Loving does not apply here, as to apply it one most show that there is both "invidious" discrimination at play (which there isn't) and that the discrimination is an attempt to make a particular class superior (again, which is not the case here):
http://www.debatepolitics.com/us-constitution/215175-scotus-moderate-decision-ssm-3.html#post1064246320.
And the issue about prisoners being allowed to marry in no way recognized a federal constitutional right to marry, but that the state had no federal grounds to deny either rights or privileges to prisoners that were not specifically denied in the constitution or denial of which constituted cruel and unusual punishment. Rights or privileges not explicitly granted in the constitution are left to the states and the people. Marriage is one of these.
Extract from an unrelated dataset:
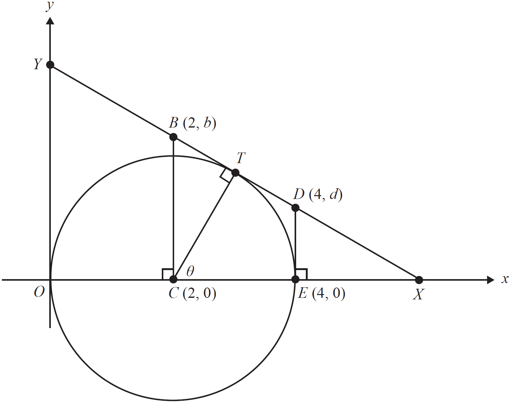The diagram also shows the tangent to the circle at `T`. This tangent is perpendicular to `CT` and intersects the `x`-axis at point `X` and the `y`-axis at point `Y`.

But, even if marriage was eventually declared a federal constitutional right by some convoluted erroneous reasoning, it's still "marriage", meaning "between a man and a woman as husband and wife". By it's very nature, "marriage" rightly discriminates between a single person by him or her self, three or more people, a man and a little girl, a dog and a cat, .. and a man and a man and a woman and a woman.
No exceptions can rightly be made with respect to the word "marriage".
If you want to have private enterprise and government recognition of certain specific domestic partnerships (marriage itself is a civil union domestic partnership legal statute in every state), then each distinct civil union domestic partnership must be defined in detail and identified with an identifying word .. so "homarriage" or the like would be a new civil union domestic partnership "between two same sex people as husband and husband or wife and wife" or whatever.
But that's rightly up to each state to decide, as there is no federal constitutional even remotely applicable passage in this matter to force states to create specific statutes.
Justice Thomas is absolutely correct, in that not only is it apparent that the SCOTUS is tipping their hand that the majority will attempt to construe a federal right to the ridiculous oxymoronic "gay marriage" / "same-sex marriage", but that that would obviously be the wrong decision, as though clearly the majority of Americans favor recognition, the majority of Americans also don't support that recognition under the inapplicable term "marriage", and because the SCOTUS simply has no final conclusion as to whether gay is from birth or a conscious choice, they cannot intelligently conclude it's an inalienable right.
The SCOTUS simply has no rationally intelligent grounds to conclude that "any two people" can "marry", both with respect to definitive propriety, respecting words and their true meaning, constitutionally, and with respect to the majority of Americans who have yet to show that gays marrying is a time-honored cultural reasonable and customary tradition.
Ultimately, the likely thing the SCOTUS is going to do is to require same-sex union recognition in every state but to let each state decide what to call that particular union. Some states will call it rightly "homarriage", and others will erroneously refer to it as "marriage".
But the right thing for the SCOTUS to do is to allow recognition in every state but require that it be given a name other than marriage, as it's reasonable and customary for adult humans to bond one-to-one (not polygamously), but there is no reasonable and customary cultural tradition to call such bondings "marriage".
Again, marriage is a contract, and contract law is the province of the state, not the federal.